The Mydoom Internet virus and the Bagle-B worm are only a taste of viruses, worms, and Trojans set to appear in the coming year--effectively representing the tip of the iceberg in destructive capability, a security expert warns.
The speed with which Mydoom spread across the world was what made it so destructive, notes Zea Silva, security business unit manager at independent ICT solutions provider, First Technology in South Africa.
"Computer users can expect many more new viruses to be released throughout the year, many of which may be even more destructive or disruptive than anything seen before," she says. "In addition, the speed with which viruses and worms will spread is likely to increase--from hours to only minutes."
Silva echoes some other virus-watchers as naming Mydoom the fastest spreading malicious worm to date. She says this occurred largely because of the way it was created: "as a simple e-mail with a standard subject line, and the way it hid itself in .zip or Windows executable attachments."
Danger of Speed
In a matter of a few hours, the Mydoom worm spread so rapidly that antivirus companies rated it as a 'high' outbreak risk. It was rated as the first serious outbreak of 2004, and within a few days had surpassed the damage caused by Sobig.F and Welchia.
Mydoom.A accounted for approximately 30 percent of all e-mail traffic globally and generated in excess of 100 million infected e-mails in its first 36 hours, blocking networks and overloading servers.
Only two days after Mydoom was released, a second version of the virus, Mydoom.B, was spreading across the world. Mydoom.B released distributed denial of service (DDoS) attacks on the SCO and Microsoft Web sites, and also prevented machines infected with Mydoom.A from accessing antivirus sites.
Silva says the main reason for Mydoom being so destructive is the lack of comprehensive corporate security solutions.

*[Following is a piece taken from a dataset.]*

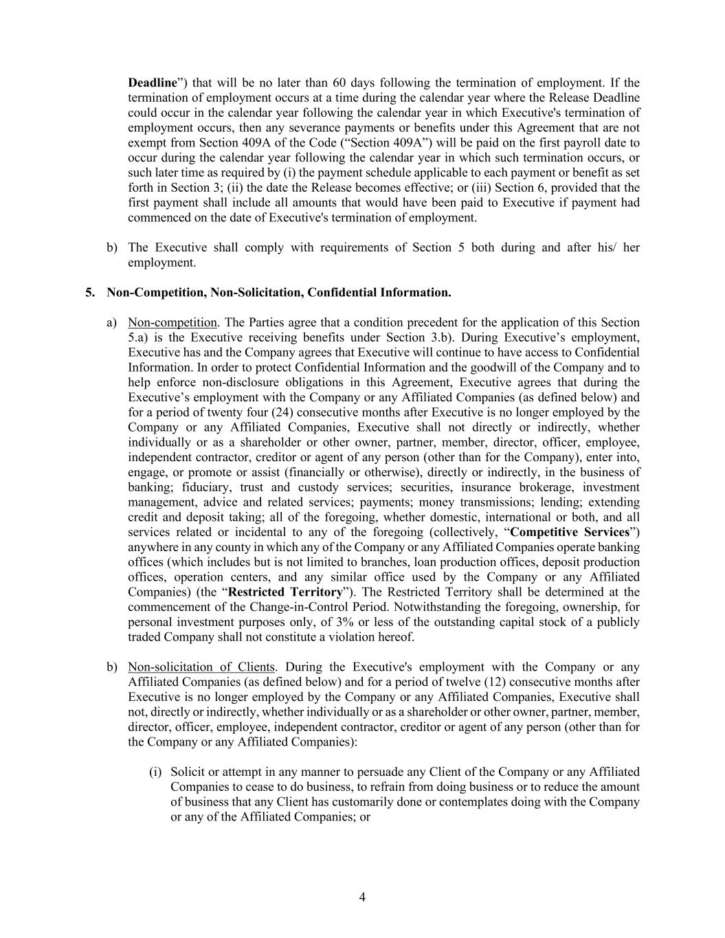 4 Deadline”) that will be no later than 60 days following the termination of employment. If the termination of employment occurs at a time during the calendar year where the Release Deadline could occur in the calendar year following the calendar year in which Executive's termination of employment occurs, then any severance payments or benefits under this Agreement that are not exempt from Section 409A of the Code (“Section 409A”) will be paid on the first payroll date to occur during the calendar year following the calendar year in which such termination occurs, or such later time as required by (i) the payment schedule applicable to each payment or benefit as set forth in Section 3; (ii) the date the Release becomes effective; or (iii) Section 6, provided that the first payment shall include all amounts that would have been paid to Executive if payment had commenced on the date of Executive's termination of employment. b) The Executive shall comply with requirements of Section 5 both during and after his/ her employment. 5. Non-Competition, Non-Solicitation, Confidential Information. a) Non-competition. The Parties agree that a condition precedent for the application of this Section 5.a) is the Executive receiving benefits under Section 3.b). During Executive’s employment, Executive has and the Company agrees that Executive will continue to have access to Confidential Information. In order to protect Confidential Information and the goodwill of the Company and to help enforce non-disclosure obligations in this Agreement, Executive agrees that during the Executive’s employment with the Company or any Affiliated Companies (as defined below) and for a period of twenty four (24) consecutive months after Executive is no longer employed by the Company or any Affiliated Companies, Executive shall not directly or indirectly, whether individually or as a shareholder or other owner, partner, member, director, officer, employee, independent contractor, creditor or agent of any person (other than for the Company), enter into, engage, or promote or assist (financially or otherwise), directly or indirectly, in the business of banking; fiduciary, trust and custody services; securities, insurance brokerage, investment management, advice and related services; payments; money transmissions; lending; extending credit and deposit taking; all of the foregoing, whether domestic, international or both, and all services related or incidental to any of the foregoing (collectively, “Competitive Services”) anywhere in any county in which any of the Company or any Affiliated Companies operate banking offices (which includes but is not limited to branches, loan production offices, deposit production offices, operation centers, and any similar office used by the Company or any Affiliated Companies) (the “Restricted Territory”). The Restricted Territory shall be determined at the commencement of the Change-in-Control Period. Notwithstanding the foregoing, ownership, for personal investment purposes only, of 3% or less of the outstanding capital stock of a publicly traded Company shall not constitute a violation hereof. b) Non-solicitation of Clients. During the Executive's employment with the Company or any Affiliated Companies (as defined below) and for a period of twelve (12) consecutive months after Executive is no longer employed by the Company or any Affiliated Companies, Executive shall not, directly or indirectly, whether individually or as a shareholder or other owner, partner, member, director, officer, employee, independent contractor, creditor or agent of any person (other than for the Company or any Affiliated Companies): (i) Solicit or attempt in any manner to persuade any Client of the Company or any Affiliated Companies to cease to do business, to refrain from doing business or to reduce the amount of business that any Client has customarily done or contemplates doing with the Company or any of the Affiliated Companies; or

"Comprehensive security entails intrusion detection and prevention systems, antivirus software, a firewall solution, and, ideally, a subscription to a daily virus alert service," she says. "Some companies may claim that they have all this in place and that they were still affected by Mydoom."
But they need to be certain that the protections are correctly deployed, and that updates and virus patches are downloaded and installed as soon as they are available, she adds. "A subscription to a virus alert newsgroup or mailing list will also help the cause by alerting users the moment that a new virus has emerged," Silva says.
Businesses Beware
Still, businesses can learn a valuable lesson from this particular strain of computer virus--namely, that companies need to be better prepared than they think they are, she says.
"Ninety-five percent of companies think they are set up correctly and that their systems are successfully updating automatically with no human intervention," she says. "The mind-set towards network security needs to change rapidly. If it does not, companies may find themselves crippled by the next worm or virus threat."
Businesses would be smart to take Mydoom and the other recent pests as a warning, she says.
"It is not a matter of 'if' the next virus strikes; it is rather 'when' it will strike, as there will be more security risks this year," Silva says. "The cost to a business of not being secure is a loss of confidentiality, integrity, and availability--three characteristics that are difficult to restore once the damage has been done."